Глава 517

Par conséquent, Zhou Xuan ne pouvait pas garantir qu'il trouverait des indices dans le tableau dès le départ. Ce n'était qu'un point de départ. S'il ne trouvait pas les indices recherchés, il devrait se tourner vers les services de sécurité publique, via Fu Yuanshan, pour retrouver Jiang Yu'e.

Cependant, Zhou Xuan eut beaucoup de chance. Les informations qu'il obtint du tableau comprenaient non seulement l'image de Jiang Yu'e, mais aussi des images de Jiang Yu'e et Zhao Chengzhi ensemble, notamment des scènes intimes au lit. Grâce à ces images, Zhou Xuan comprit que les deux étaient de mèche et que toute cette affaire n'était qu'un piège savamment orchestré.

Zhou Xuan cherchait à savoir si Zhao Chengzhi et Jiang Yu'e étaient sous l'influence de complices et s'ils avaient été envoyés par ses ennemis. Cependant, il estimait peu probable qu'ils l'aient été, car il ne se montrait que rarement dans la boutique d'antiquités. En réalité, Zhang Jian en était le gérant, et la plupart des gens ignoraient que la boutique appartenait à Zhou Xuan. Même ceux qu'il avait offensés l'ignoraient.

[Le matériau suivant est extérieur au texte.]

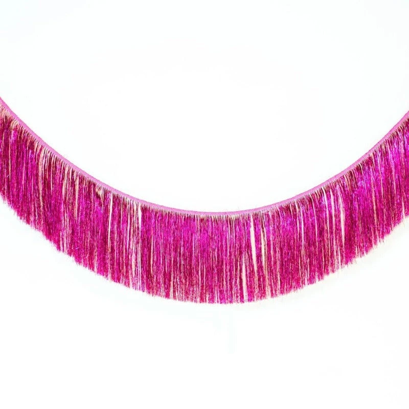 Tinsel Fringe Garlands add style and shimmer in seconds. At an incredible 9 meters long this tinsel fringe garland will look great at any party or celebration where you want a touch of glamour. Hang on a feature wall or layer a few for impact or perhaps cut into sections and hang from giant balloons.

S'ils visaient la joaillerie, on pourrait croire qu'ils cherchaient à piéger Zhou Xuan. Mais compte tenu du montant, même s'il représentait trois fois le prix d'achat initial, cela ne représenterait que dix millions. Pour piéger Zhou Xuan, il faudrait débourser cent millions, voire un milliard, pour l'atteindre. Par conséquent, Zhou Xuan estima que personne ne le visait directement.

Après réflexion, l'explication la plus probable est que les deux escrocs ont tout simplement été sélectionnés au hasard dans leur magasin.

Cette escroquerie était particulièrement sophistiquée ; un étranger au milieu n'aurait pas pu la monter. Le vieux Wu s'est fait avoir car, voyant d'abord le tableau authentique, il l'a acheté à bas prix dans son enthousiasme. Bien qu'il fût censé surveiller Jiang Yu'e, il s'est montré visiblement moins vigilant, ce qui a permis à ce dernier d'échanger l'original contre le faux. Puis, lorsque le vieux Wu l'a apporté à la maison de ventes, son complice, Zhao Chengzhi, a acheté le faux. Ils ont ainsi pu tripler le prix d'achat grâce à un faux tableau, alors qu'ils avaient déjà empoché plus de 700

000 yuans lors de la vente précédente, soit un total de plus de 10 millions de yuans en liquide. Pendant ce temps, le véritable tableau restait entre leurs mains. Qui n'aurait pas été tenté de faire une chose pareille

?

Même si vous appelez la police, elle refuse de traiter ce genre d'affaire car il s'agit d'un litige commercial entre Zhao Chengzhi et le magasin d'antiquités de Lao Wu. Ils préfèrent soit porter l'affaire devant les tribunaux, soit négocier à l'amiable.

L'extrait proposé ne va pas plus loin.